◆ INSTRUCTIONS FOR THE TASK
Copy out the listing in full, exactly as written, but not its pictures.

### DATASET CONTENT

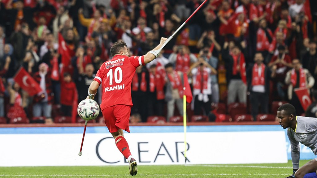 Fatih Erdol is the general manager of the Turkish amputee football team who won the World Cup on Sunday with a 4-1 defeat of Angola in the stadium of one of Turkey's biggest clubs, Galatasaray. Amputee football is a seven a side game, outfield players may have two hands though only one foot, while goalkeepers may have two legs but only one arm. 25,000 fans were in the stadium including Turkey's President Erdogan. A memorable occasion for the players and Fatih Erdol. Image: Rahmi Ozcan of Turkiye celebrates with team mates after a goal during the Amputee Football World Cup final between Turkiye and Angolla at Nef Stadium in Istanbul, Turkiye on October 9, 2022. (Photo by Elif Ozturk Ozgoncu/Anadolu Agency via Getty Images)
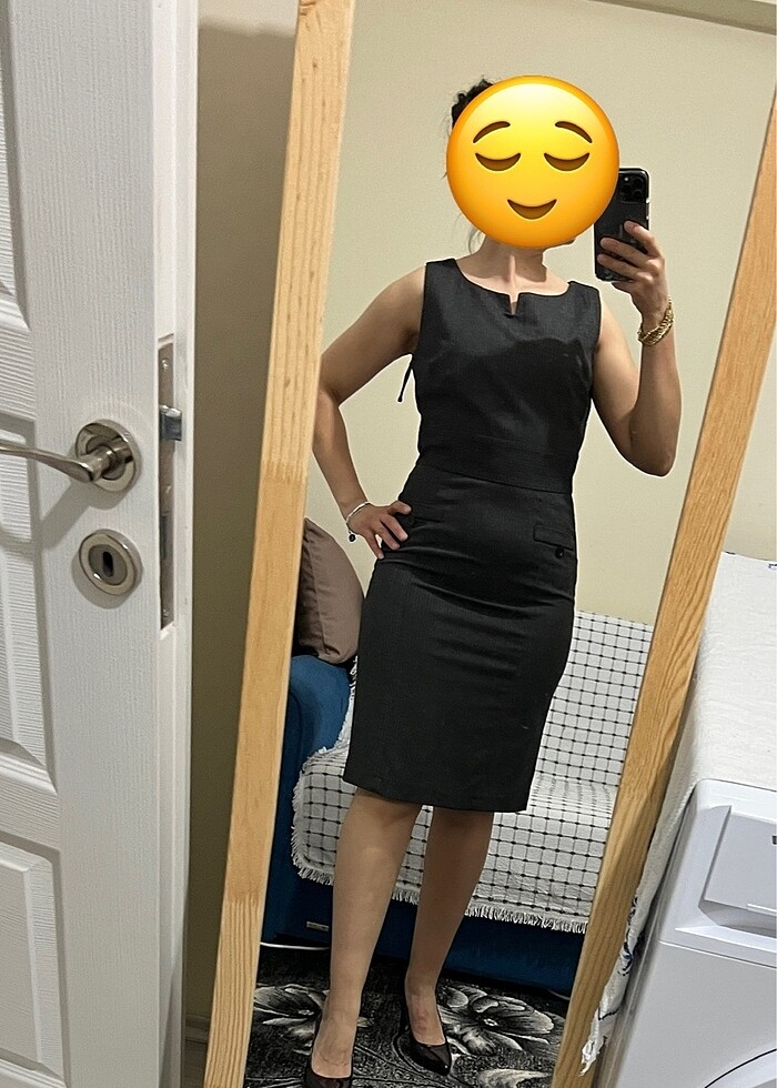 Füme rengi ofis elbisesidir. 105 basen 75 bel 84 göğüs ve 158 cm boyda 57 kilo olarak giydim bana basenlerden dar geliyor. Göbek de olduğu için rahatsız edici bir görüntü verdi ama 52-53 kilo birine ya da baseni 90-95 arası olan birine daha hoş duracaktır.
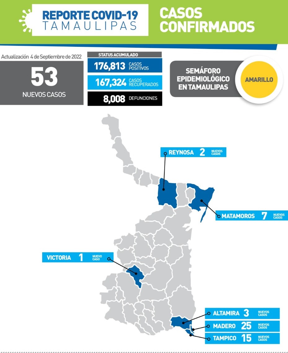 Reportan este domingo 53 nuevos contagios de Covid-19 en Tamaulipas
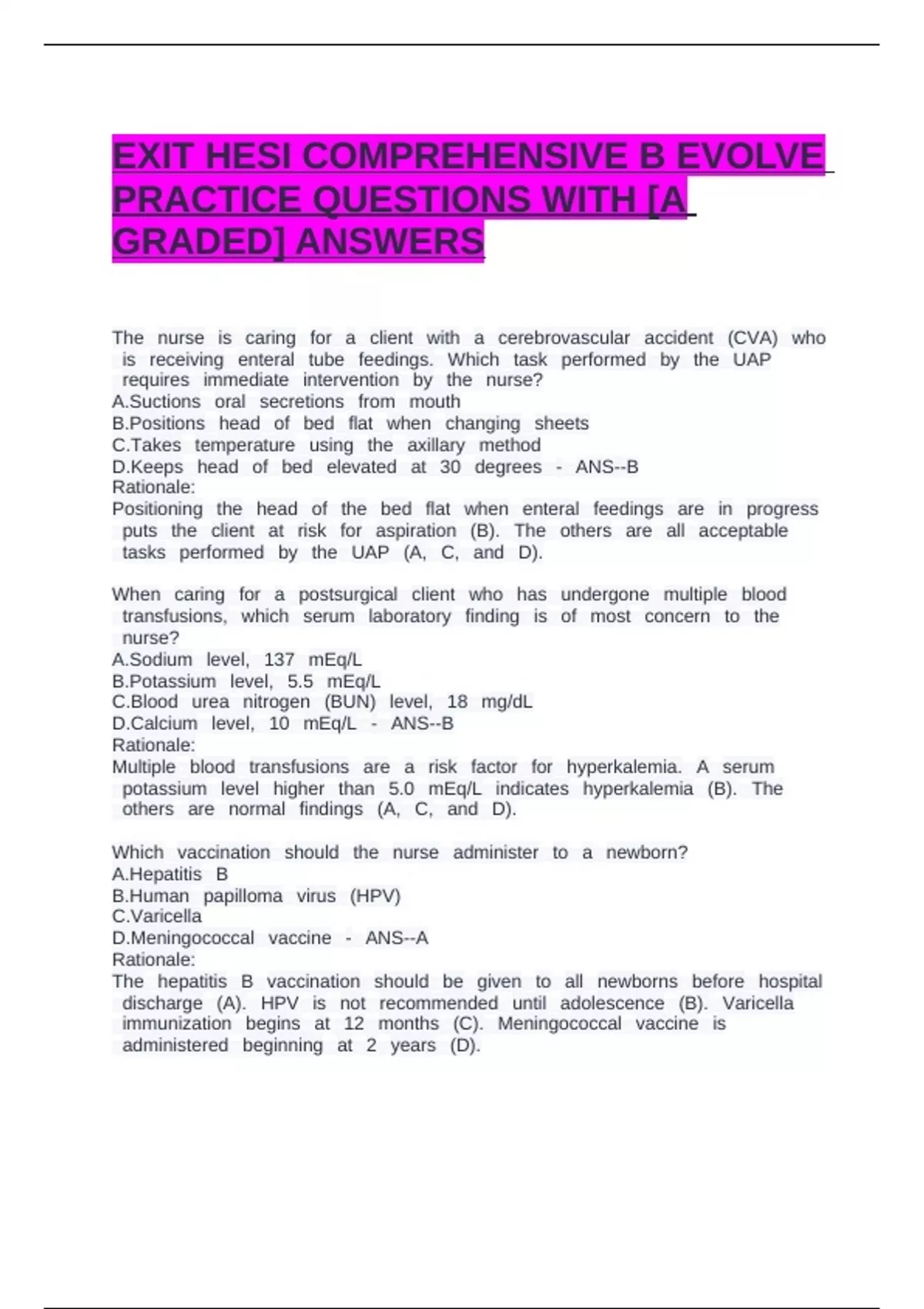 EXIT HESI COMPREHENSIVE B EVOLVE PRACTICE QUESTIONS WITH [A GRADED] ANSWERS

######

◆ THE COMPLETED TASK
 Fatih Erdol is the general manager of the Turkish amputee football team who won the World Cup on Sunday with a 4-1 defeat of Angola in the stadium of one of Turkey's biggest clubs, Galatasaray. Amputee football is a seven a side game, outfield players may have two hands though only one foot, while goalkeepers may have two legs but only one arm. 25,000 fans were in the stadium including Turkey's President Erdogan. A memorable occasion for the players and Fatih Erdol. Image: Rahmi Ozcan of Turkiye celebrates with team mates after a goal during the Amputee Football World Cup final between Turkiye and Angolla at Nef Stadium in Istanbul, Turkiye on October 9, 2022. (Photo by Elif Ozturk Ozgoncu/Anadolu Agency via Getty Images)
 Füme rengi ofis elbisesidir. 105 basen 75 bel 84 göğüs ve 158 cm boyda 57 kilo olarak giydim bana basenlerden dar geliyor. Göbek de olduğu için rahatsız edici bir görüntü verdi ama 52-53 kilo birine ya da baseni 90-95 arası olan birine daha hoş duracaktır.
 Reportan este domingo 53 nuevos contagios de Covid-19 en Tamaulipas
 EXIT HESI COMPREHENSIVE B EVOLVE PRACTICE QUESTIONS WITH [A GRADED] ANSWERS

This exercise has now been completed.